**EXERCISE DESCRIPTION:** Copy from the first line below down to and including the line with "ДИРЕКТОРЕго главнее в". Skip the pictures.

-- SOURCE DATA follows --

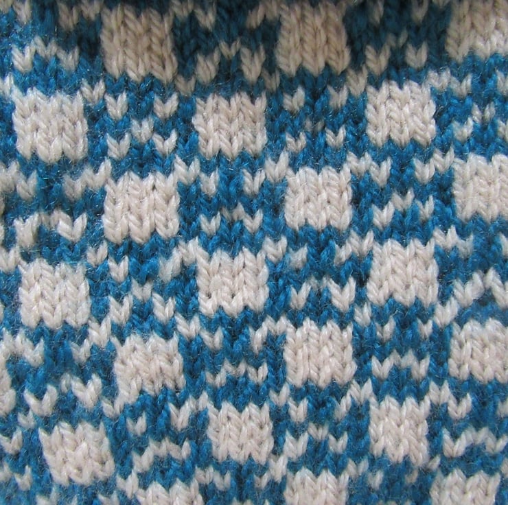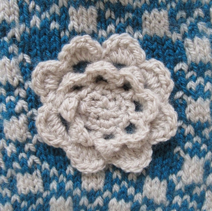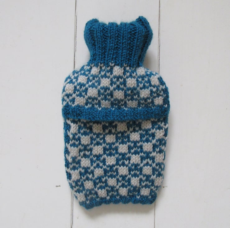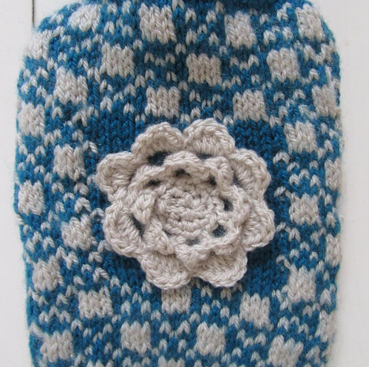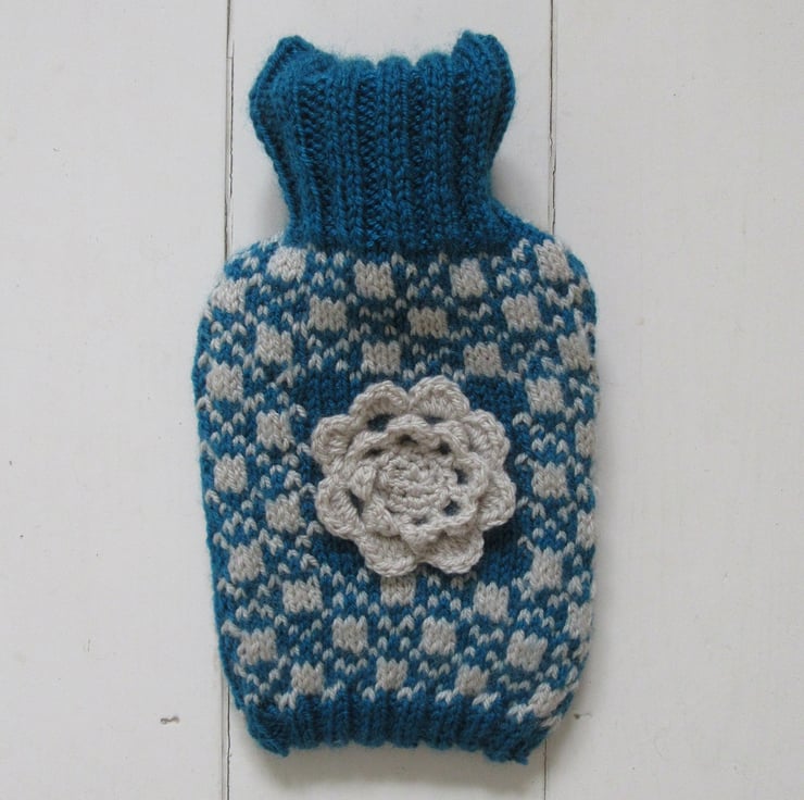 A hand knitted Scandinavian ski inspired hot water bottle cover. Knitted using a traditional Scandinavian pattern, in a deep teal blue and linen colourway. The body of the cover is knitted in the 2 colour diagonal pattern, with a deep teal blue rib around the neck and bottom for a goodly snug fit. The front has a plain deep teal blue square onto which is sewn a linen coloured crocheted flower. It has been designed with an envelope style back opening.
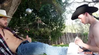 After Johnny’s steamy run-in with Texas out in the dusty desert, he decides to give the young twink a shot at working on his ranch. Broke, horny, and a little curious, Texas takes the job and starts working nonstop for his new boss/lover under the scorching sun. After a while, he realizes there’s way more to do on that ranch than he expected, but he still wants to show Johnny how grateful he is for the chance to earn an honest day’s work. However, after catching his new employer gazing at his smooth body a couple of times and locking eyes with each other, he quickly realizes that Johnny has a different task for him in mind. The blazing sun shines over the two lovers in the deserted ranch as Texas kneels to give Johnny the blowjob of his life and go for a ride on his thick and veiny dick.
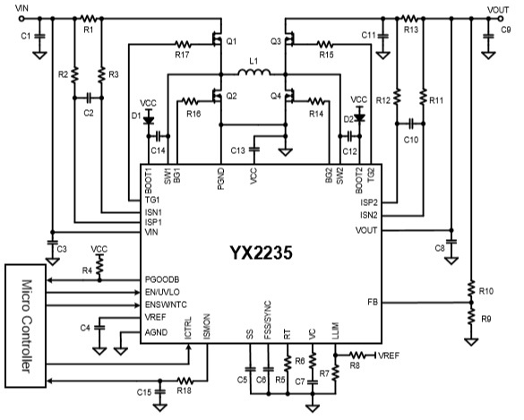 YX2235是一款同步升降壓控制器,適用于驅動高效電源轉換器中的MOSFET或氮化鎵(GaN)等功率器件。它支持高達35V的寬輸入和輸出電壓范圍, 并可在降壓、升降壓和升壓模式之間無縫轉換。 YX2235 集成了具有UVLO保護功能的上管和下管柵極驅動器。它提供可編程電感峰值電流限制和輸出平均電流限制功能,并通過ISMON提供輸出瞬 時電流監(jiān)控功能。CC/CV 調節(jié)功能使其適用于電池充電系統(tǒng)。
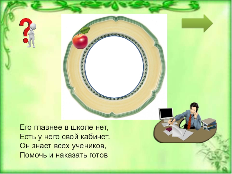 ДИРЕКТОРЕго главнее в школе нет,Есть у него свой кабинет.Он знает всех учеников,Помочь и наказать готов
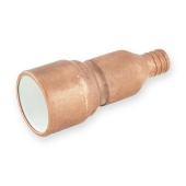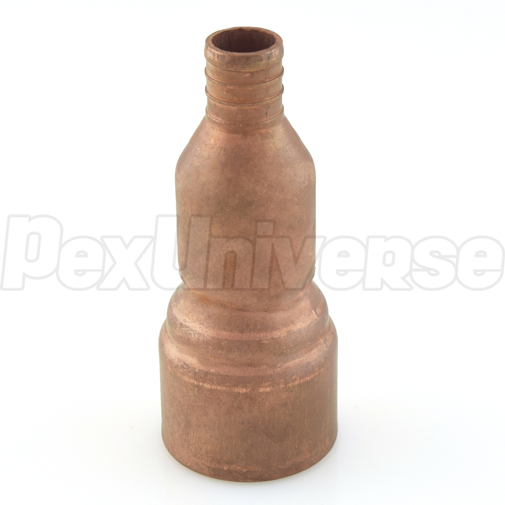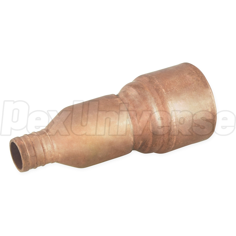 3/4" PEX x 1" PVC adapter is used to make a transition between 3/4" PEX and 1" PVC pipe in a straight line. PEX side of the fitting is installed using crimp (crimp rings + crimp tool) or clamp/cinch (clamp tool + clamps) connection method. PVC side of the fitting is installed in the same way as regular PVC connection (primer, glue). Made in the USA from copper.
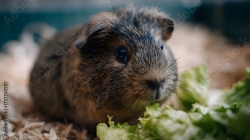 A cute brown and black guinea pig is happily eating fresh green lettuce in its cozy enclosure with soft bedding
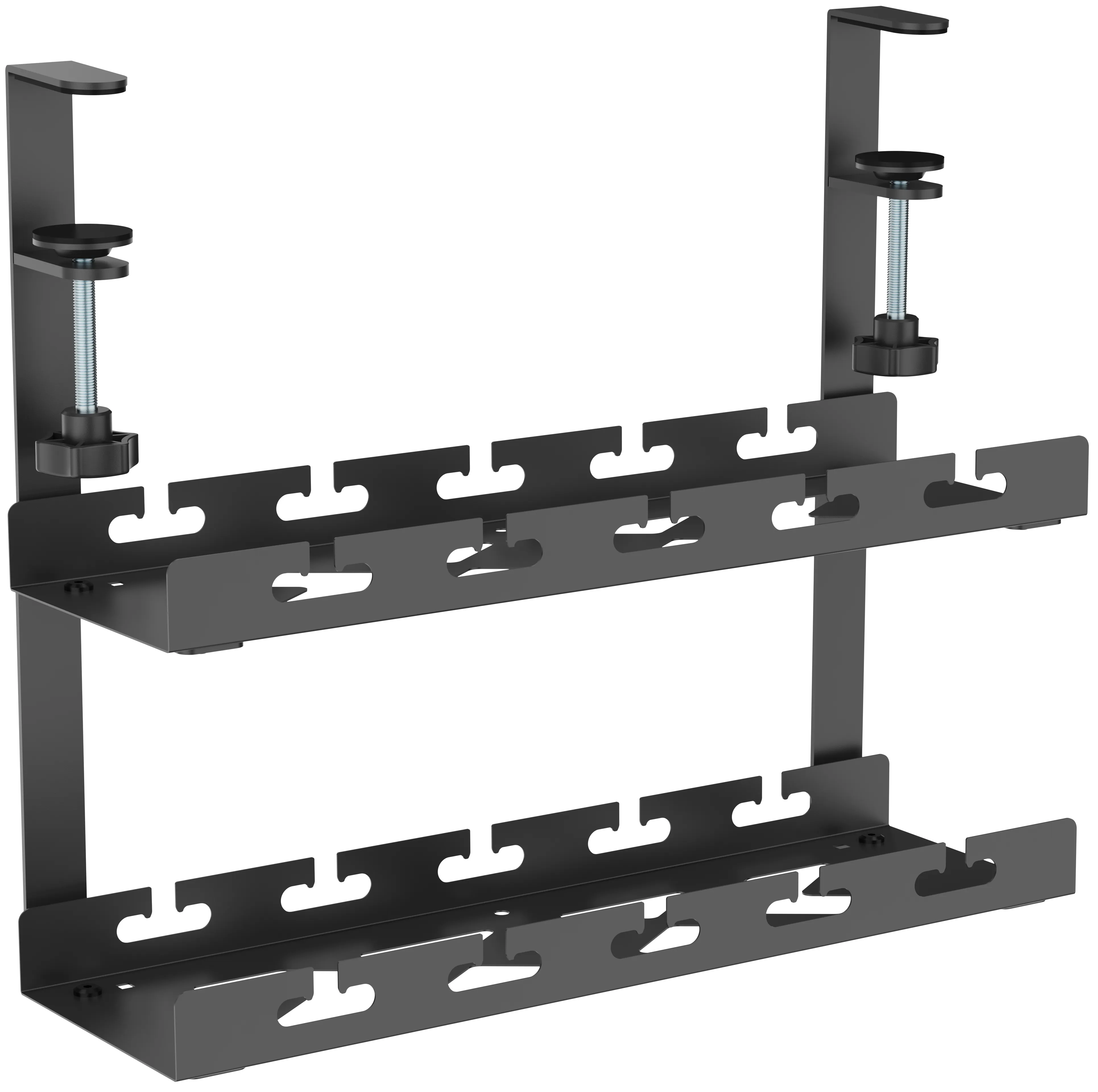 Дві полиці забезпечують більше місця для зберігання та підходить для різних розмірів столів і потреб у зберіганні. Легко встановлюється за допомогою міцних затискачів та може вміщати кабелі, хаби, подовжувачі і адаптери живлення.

-- SOURCE DATA concluded --

**TASK ANSWER:**
 A hand knitted Scandinavian ski inspired hot water bottle cover. Knitted using a traditional Scandinavian pattern, in a deep teal blue and linen colourway. The body of the cover is knitted in the 2 colour diagonal pattern, with a deep teal blue rib around the neck and bottom for a goodly snug fit. The front has a plain deep teal blue square onto which is sewn a linen coloured crocheted flower. It has been designed with an envelope style back opening.
 After Johnny’s steamy run-in with Texas out in the dusty desert, he decides to give the young twink a shot at working on his ranch. Broke, horny, and a little curious, Texas takes the job and starts working nonstop for his new boss/lover under the scorching sun. After a while, he realizes there’s way more to do on that ranch than he expected, but he still wants to show Johnny how grateful he is for the chance to earn an honest day’s work. However, after catching his new employer gazing at his smooth body a couple of times and locking eyes with each other, he quickly realizes that Johnny has a different task for him in mind. The blazing sun shines over the two lovers in the deserted ranch as Texas kneels to give Johnny the blowjob of his life and go for a ride on his thick and veiny dick.
 YX2235是一款同步升降壓控制器,適用于驅動高效電源轉換器中的MOSFET或氮化鎵(GaN)等功率器件。它支持高達35V的寬輸入和輸出電壓范圍, 并可在降壓、升降壓和升壓模式之間無縫轉換。 YX2235 集成了具有UVLO保護功能的上管和下管柵極驅動器。它提供可編程電感峰值電流限制和輸出平均電流限制功能,并通過ISMON提供輸出瞬 時電流監(jiān)控功能。CC/CV 調節(jié)功能使其適用于電池充電系統(tǒng)。
 ДИРЕКТОРЕго главнее в школе нет,Есть у него свой кабинет.Он знает всех учеников,Помочь и наказать готов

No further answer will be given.